The apparent “poverty” of the prophets–how they don’t fit our ideas about what goldly folk look like–is the very means by which the word of the Lord is made richly known. The prophets’ apparent weakness is the source of God’s power and blessing working in and through their herdsman hands. Prophets are simply those whose lives have been stopped, stilled, turned, opened, and ushered into grateful reception of the lavish grace of God showered upon all. Prophets are those who from that stilled place–not the earthquake, not the fire, not the wind–respond in thought, word, and deed from the experienced reality of a spiritually-infused universe in which all things are gathered up in Christ.

This is what imbues both Amos and John with a kind of unshakeable courage that simply cannot be cooked up by human means. They know–in experiential and non-conceptual encounter with the Living God in prayer, scripture and sacrament–that no ruler, bratty belly-dancing daughter, conniving mother,  prison cell, or even the henchman’s sword, can separate any of God’s chosen, adopted, heired, and inheriting children from the love of God in Christ through the Holy Spirit. You can’t bind John the Baptist. You can’t simply lop off his noggin and pretend to get back to business as usual. Amos and John both know in their very bones what each of us is called to know in our very bones. Listen to Paul’s words from his Second Letter to the Corinthians: “We are treated as impostors, and yet are true; as unknown, and yet are well known; as dying, and see--we are alive; as punished, and yet not killed; as sorrowful, yet always rejoicing; as poor, yet making many rich; as having nothing, and yet possessing everything.” That firm foundation is who we come to know in Christ, who was and is and is to come.

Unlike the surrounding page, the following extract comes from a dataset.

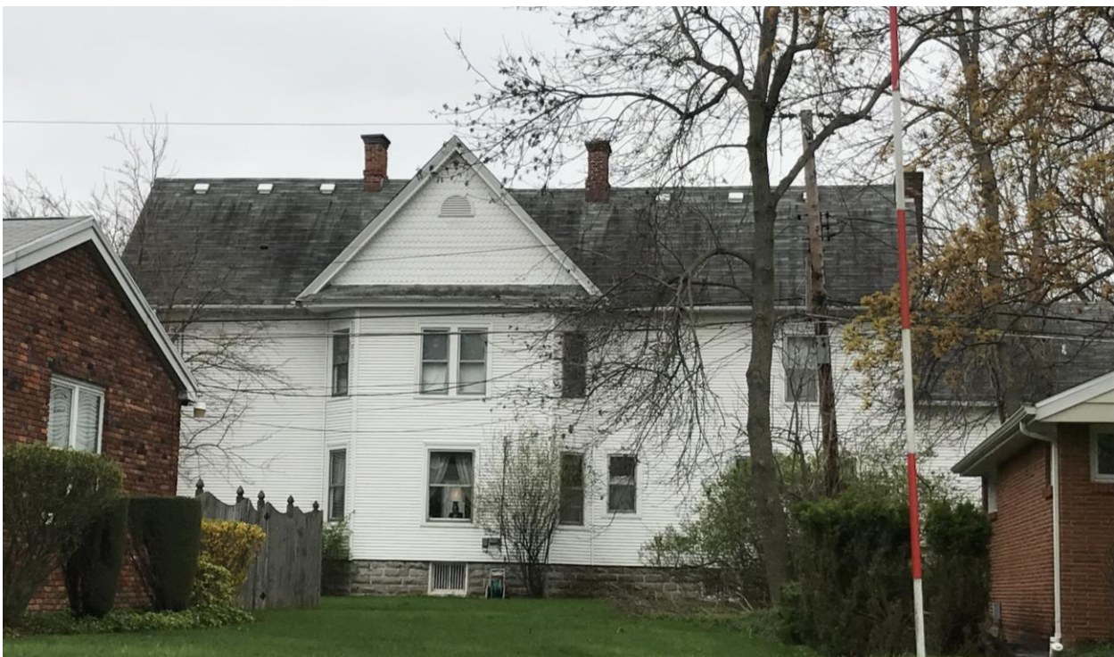
NY_Erie County_Town of Amherst_954 North Forest Road_North Elevation

It’s easy to think of prophets like Amos and John as freaks of nature with special abilities and then just throw in the towel. Little do we realize that the same spirit that animated their witness and ministry, is at work in our midst, feeding, healing, prompting witness to the last, the lost, the least, and the left behind and calling forth new and merciful social arrangements of what Bonhoeffer calls our “life together.” What is the way to this peace that passes understanding? Where are we to find the temple after it's been razed? After all the tables have been turned over what/who remains? Can you show me the way to the temple not made with hands? In the midst of all the chances and changes of this world, where, in whom, is the stability to navigate this thing we call human life with a modicum of grace to be found? Having the right thoughts about God between our ears? Performing our way to holiness through good deeds that are mostly about ourselves and fulfilling our unmet needs? If it’s not what we know and not what we do, what is it?

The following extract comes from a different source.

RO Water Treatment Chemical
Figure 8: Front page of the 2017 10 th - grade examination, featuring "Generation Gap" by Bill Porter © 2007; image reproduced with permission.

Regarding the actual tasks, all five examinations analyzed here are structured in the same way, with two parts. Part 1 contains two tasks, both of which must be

This peace–that can’t be bound, that can’t be silenced, whose head cannot be severed and that even a state execution on a cross outside the city walls cannot destroy–is to be found in relationship, transformative, experiential encounter with the Living God–seeking God where God wills to be found–in our humble, understated Anglican habit of putting ourselves in the way of love, of remembering who and whose we are through fidelity to daily prayer, scripture, Eucharist, and serving others. Keep it simple. Come undone in love. Be plumbed by love. Let yourself be loved into loving others until there’s just love. And don’t be surprised if what comes out of your mouth ruffles a few kingly feathers and you find justice rolling down, righteousness streaming forth hiddenly from your sycamore dresser’s hands… you who know better than anyone that you are neither a prophet nor a prophet’s child. 

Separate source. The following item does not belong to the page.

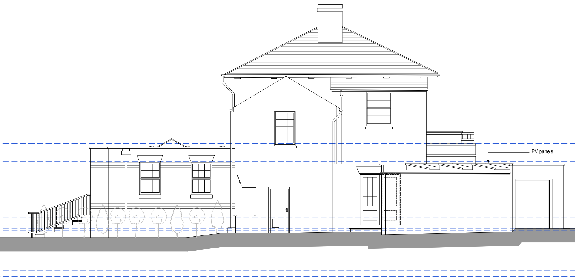
Proposed Side Elevation - 1:100 @ A1 *demolition layer turned off
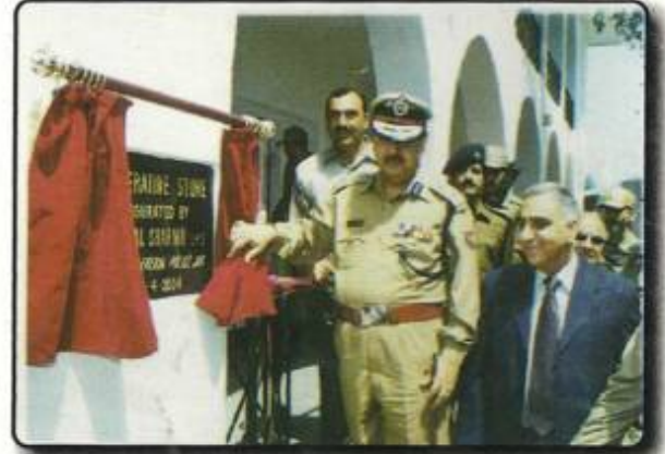
۱۹ اپریل کو پولیس کنٹرول روم سرینگر کے احاطہ میں گواہ بریٹو ڈیپارٹمنٹل سنور کی نئی تعمیر شدہ عمارت کی افتتاحی تقریب کے رسم پر ریاست کے ڈائریکٹر جنرل جناب گوپال شرمہ۔

Maybe Gary Snyder put it best in a little poem he wrote while living 15 years in in Japan: 

You be Bosatsu

I’ll be the taxi driver

driving you home. 

At once very Japanese and very Anglican! You be the fancy pants spiritual athlete doing it all perfectly. You be the fine-toothed comb theological finagler. You be the flashy embodiment of wisdom and compassion. That’s all a little rich for my blood. Me? I’ll make sure you get home safe, to the praise of His glory. Amen.